[[ EXERCISE INPUTS, beginning ]]

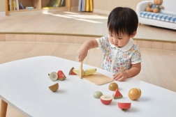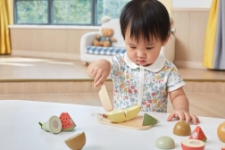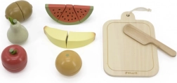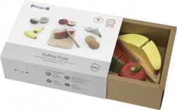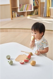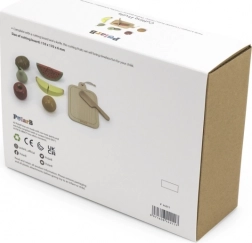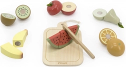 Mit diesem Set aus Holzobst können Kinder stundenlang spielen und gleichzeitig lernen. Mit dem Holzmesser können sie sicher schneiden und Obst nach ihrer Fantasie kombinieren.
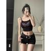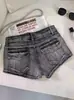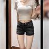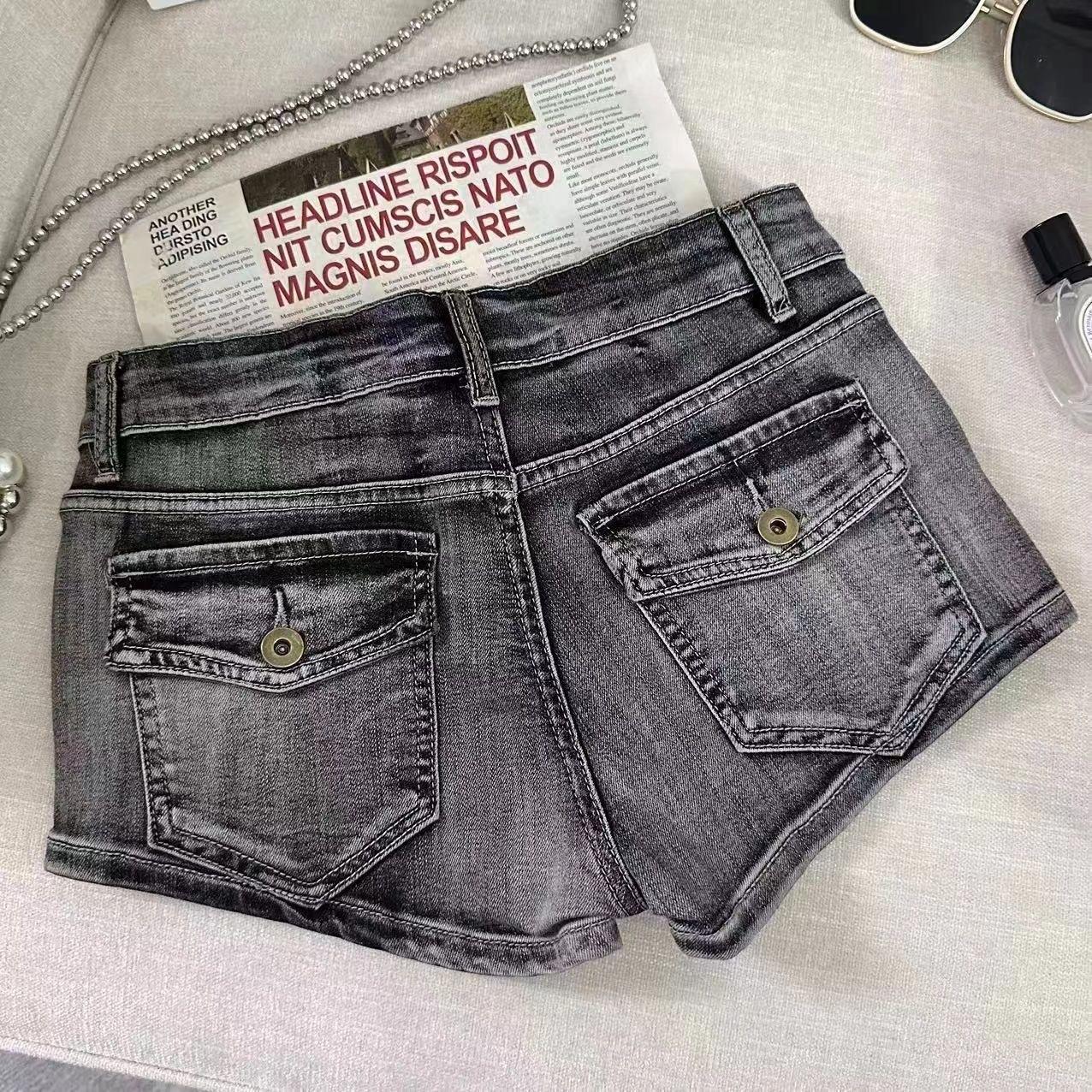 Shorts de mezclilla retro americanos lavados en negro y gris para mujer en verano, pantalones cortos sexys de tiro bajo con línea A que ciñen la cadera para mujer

[[ EXERCISE INPUTS, end ]]
[[ EXERCISE INPUTS, beginning ]]

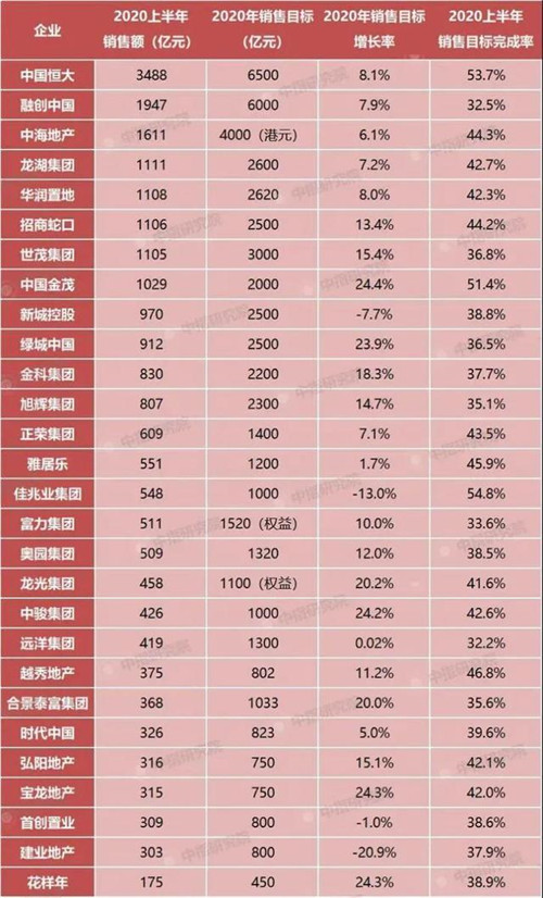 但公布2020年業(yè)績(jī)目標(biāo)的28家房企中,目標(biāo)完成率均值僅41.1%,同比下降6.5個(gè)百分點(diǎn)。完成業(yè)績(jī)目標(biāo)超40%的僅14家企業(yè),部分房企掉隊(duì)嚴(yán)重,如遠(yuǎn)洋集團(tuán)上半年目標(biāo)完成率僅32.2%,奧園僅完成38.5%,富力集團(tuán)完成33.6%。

[[ EXERCISE INPUTS, end ]]

**EXERCISE:**
An exact transcription is needed of the lines from the one with "Mit diesem Set" to the one with "Shorts de mezclilla" above, both ends included, with pictures left out.

**RESULT OF THIS EXERCISE:**
 Mit diesem Set aus Holzobst können Kinder stundenlang spielen und gleichzeitig lernen. Mit dem Holzmesser können sie sicher schneiden und Obst nach ihrer Fantasie kombinieren.
 Shorts de mezclilla retro americanos lavados en negro y gris para mujer en verano, pantalones cortos sexys de tiro bajo con línea A que ciñen la cadera para mujer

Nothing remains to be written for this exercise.